Sunday 22 December 2013



Book Review of: 
(Doubleday June 2012, then 
Corgi paperback 2013 ISBN: 978-0-552-16408-5) 

It’s that Lennon-McCartney thing. In any collaboration there’s the tendency to tease out the who wrote what conundrum. Using your skill and judgement. On the face of it there can hardly be two more dissimilar writers operating within the admittedly flexible confines of the same genre as Stephen Baxter and Terry Pratchett, almost. Pratchett with his whimsical humour, amusing witty satires and sometimes tedious jokiness. Baxter with his eternity-spanning quantum speculations, taking SF out into newer realms of wonder just when the it’s getting a bit stylistically predictable. Where is the common ground there? It’s difficult to see. Which makes it all the more amazing that this collaborative novel hangs together so well. Almost seamlessly. More serious than Pratchett. More playful than Baxter. An intriguingly episodic centre-ground combining the essential uniqueness of each.
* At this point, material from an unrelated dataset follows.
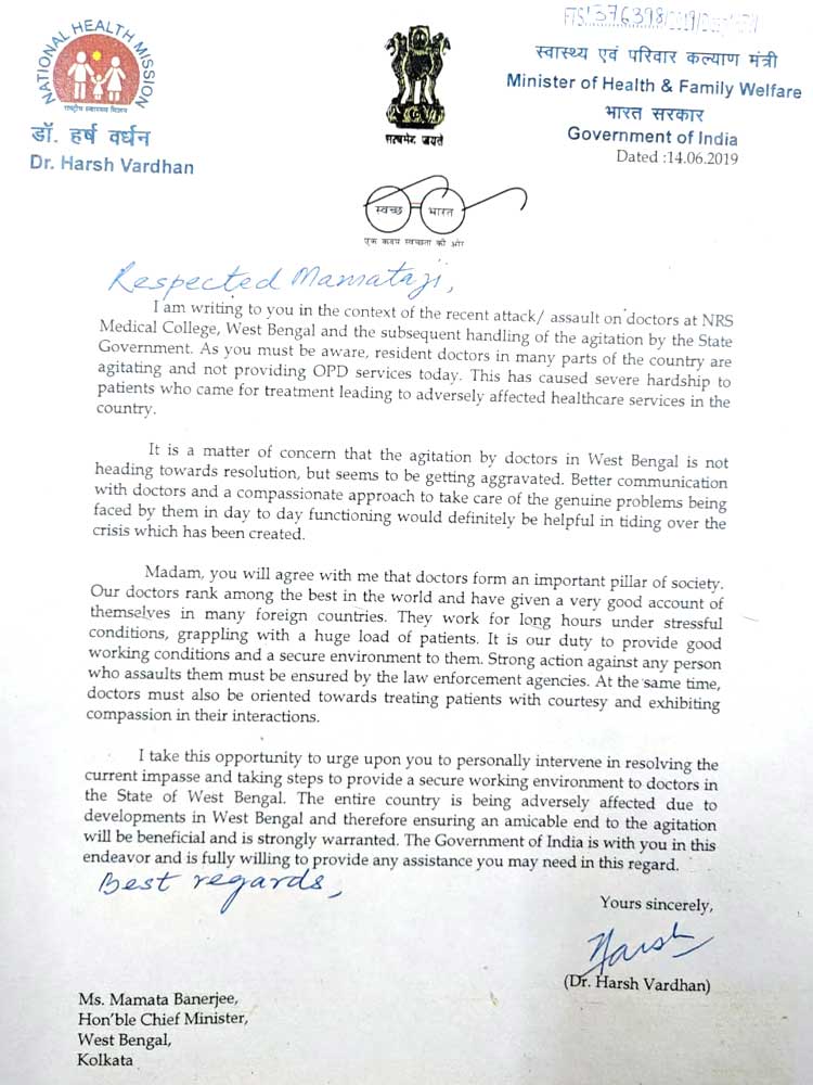 মমতার উদ্দেশে হর্ষ বর্ধন আরও লেখেন, ‘‘চিকিৎসকরা আমাদের সমাজের গুরুত্বপূর্ণ স্তম্ভ। সারা পৃথিবীর মধ্যে তাঁরা শ্রেষ্ঠ। তাঁদের মধ্যে অনেকেই বিদেশ সুনাম অর্জন করেছেন। ঘণ্টার পর ঘণ্টা অত্যন্ত চাপের মধ্যে কাজ করতে হয় তাঁদের। রোগীদের জন্যা সারা ক্ষণ সংগ্রাম করতে হয় তাঁদের। তাই কর্মক্ষেত্রে তাঁদের জন্য ভাল এবং নিরাপদ পরিবেশ তৈরি করা আমাদের কর্তব্যের মধ্যে পড়ে। ডাক্তারদের গায়ে হাত তুললে, নিগ্রহকারীদের বিরুদ্ধে আইনি ব্যবস্থা নেওয়া উচিত। সেই সঙ্গে ডাক্তারদেরও রোগীদের সৌজন্য দেখানো এবং তাঁদের প্রতি সহানুভূতিশীল হওয়া উচিত।’’ এই সঙ্কট থেকে বেরিয়ে আসতে ব্যক্তিগত ভাবে মমতা বন্দ্যোপাধ্যায়কে উদ্যোগীহতে অনুরোধ জানান হর্ষ বর্ধন। এ ব্যাপারে কেন্দ্রীয় সরকার তাঁকে সব রকম সাহায্য করতে প্রস্তুত বলেও জানান তিনি।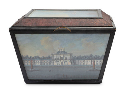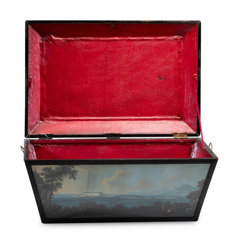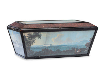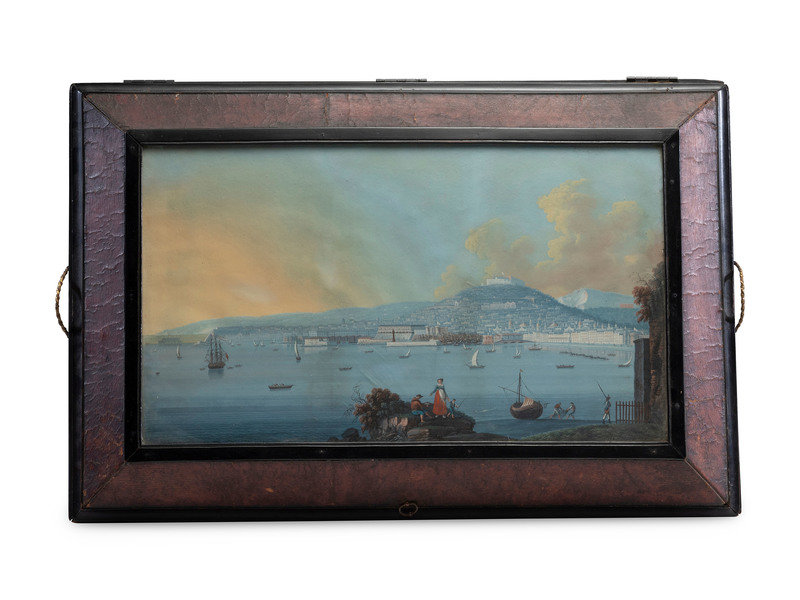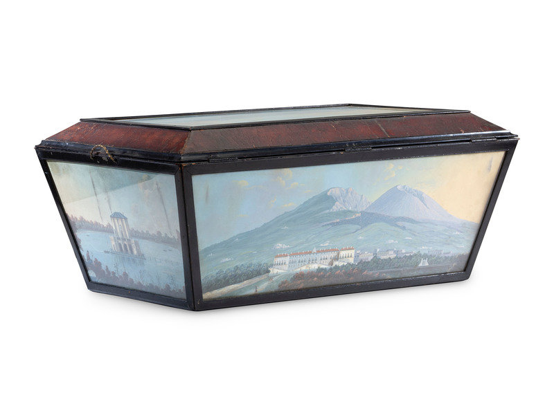 the top and four side panels inset with unsigned Neapolitan School watercolor scenes.

Pratchett’s undeveloped manuscript ‘The High Meggas’ was the ignition event from which the ideas grew. The concept of multiple Earth’s stretching away east and west to an infinity of probability-space is hardly new to SF. It’s been frequently used as a vehicle to explore alternate histories in which events turned out slightly differently. Worlds where the Nazis won World War II, the Spanish Armada succeeded in invading England, Christianity failed to replace the pagan gods ensuring the Roman Empire survives to the present day. That kind of thing. Even the 1995-1999 TV-series ‘Sliders’ sets a group-jeopardy of characters lost in a blur of multiple alternate Earths. The fact that the endless sequence of adjacent Earth’s in the Baxter-Pratchett continuum are uninhabited, forest-worlds populated only by a variety of fauna, ‘both unfamiliar and familiar’, including some geologically-extinct species, provides ‘The Long Earth’s essential point of difference.

To me it seems to be making a similar point to the one Baxter makes in an earlier brilliant sequence, in which a multitude of primal ‘Big Bang’s misfire until our eventual stable cosmos stumbles into existence. The point being that there’s nothing inevitable or predetermined about the viable universe happening. Its existence is due to a one-in-several-million random chances in relativistic flux. The same with ‘the Long Earths’. There’s nothing inevitable, no manifest destiny about the evolution of homo sapiens, their civilisation and culture. Rather, that such an outcome is a freak one-in-several-million outcome of infinite other possibilities. This seems more to be a Baxter theme than a Pratchett one. But, once established, it allows a weave of separate tales to ramble across the never-ending new frontiers featuring a variety of characters, some of whom appear briefly and are then left to their own devices, others who interlink and reconnect into each other at a later point. Allowing both writers space to stretch out and follow their whims across the shared territory of ‘Earths, untold Earths. More Earths than could be counted.’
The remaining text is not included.